A General Framework for Error-controlled Unstructured Scientific Data Compression
Qian Gong, Zhe Wang, Viktor Reshniak, Xin Liang, Jieyang Chen, Qing Liu, Tushar M. Athawale, Yi Ju, Anand Rangarajan, Sanjay Ranka, Norbert Podhorszki, Rick Archibald, Scott Klasky
TL;DR
This work addresses the heavy data footprint of unstructured-mesh simulations by introducing a generic, error-bounded, multi-component compression framework that maps unstructured data to a rectilinear grid and independently compresses the grid-approximation and the interpolation residuals. The method provides mathematical guarantees that the reconstructed data satisfy a user-prescribed error bound $\tau$ by distributing this budget between $\tau_1$ and $\tau_2$ and using a linear interpolation $g(\cdot)$, with $x' = g(x_1') + x_2'$. It demonstrates broad compatibility by integrating with state-of-the-art compressors MGARD, SZ, and ZFP, achieving average improvements of $2.3$–$3.5\times$ in compression ratio across 12 variables from four datasets, with error bounds in the range $[1\times10^{-6}, 1\times10^{-2}]$; importantly, the mesh-grid mapping can be reused across timesteps and variables to amortize cost.

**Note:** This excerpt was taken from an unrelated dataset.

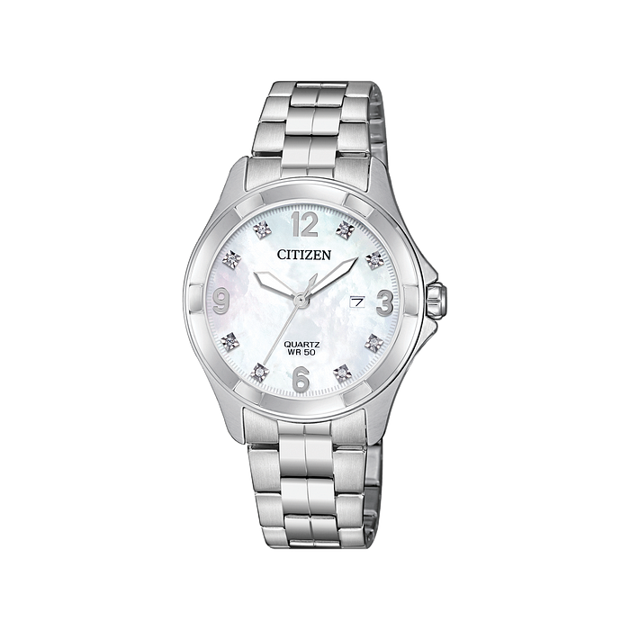 The Quartz from citizen is a silver watch designed for ladies, with a striking mother-of-pearl dial and eight crystals for a luxury look and feel. This unique watch features a stainless steel case with a snap-on back perfect for engraving, paired with a stainless steel bracelet watch band. It has luminous silver-tone minute and hour hands, and a silver-tone second hand, as well as displaying the current date. It is a striking timepiece that will compliment every style and outfit, and is sure to be a favorite in every watch collection.

The approach is general to arbitrary unstructured meshes, reduces storage and I/O costs in HPC workflows, and lays a foundation for further gains via alternative interpolation schemes and end-to-end throughput analysis including I/O.
Abstract
Data compression plays a key role in reducing storage and I/O costs. Traditional lossy methods primarily target data on rectilinear grids and cannot leverage the spatial coherence in unstructured mesh data, leading to suboptimal compression ratios. We present a multi-component, error-bounded compression framework designed to enhance the compression of floating-point unstructured mesh data, which is common in scientific applications. Our approach involves interpolating mesh data onto a rectilinear grid and then separately compressing the grid interpolation and the interpolation residuals. This method is general, independent of mesh types and typologies, and can be seamlessly integrated with existing lossy compressors for improved performance. We evaluated our framework across twelve variables from two synthetic datasets and two real-world simulation datasets. The results indicate that the multi-component framework consistently outperforms state-of-the-art lossy compressors on unstructured data, achieving, on average, a $2.3-3.5\times$ improvement in compression ratios, with error bounds ranging from $\num{1e-6}$ to $\num{1e-2}$. We further investigate the impact of hyperparameters, such as grid spacing and error allocation, to deliver optimal compression ratios in diverse datasets.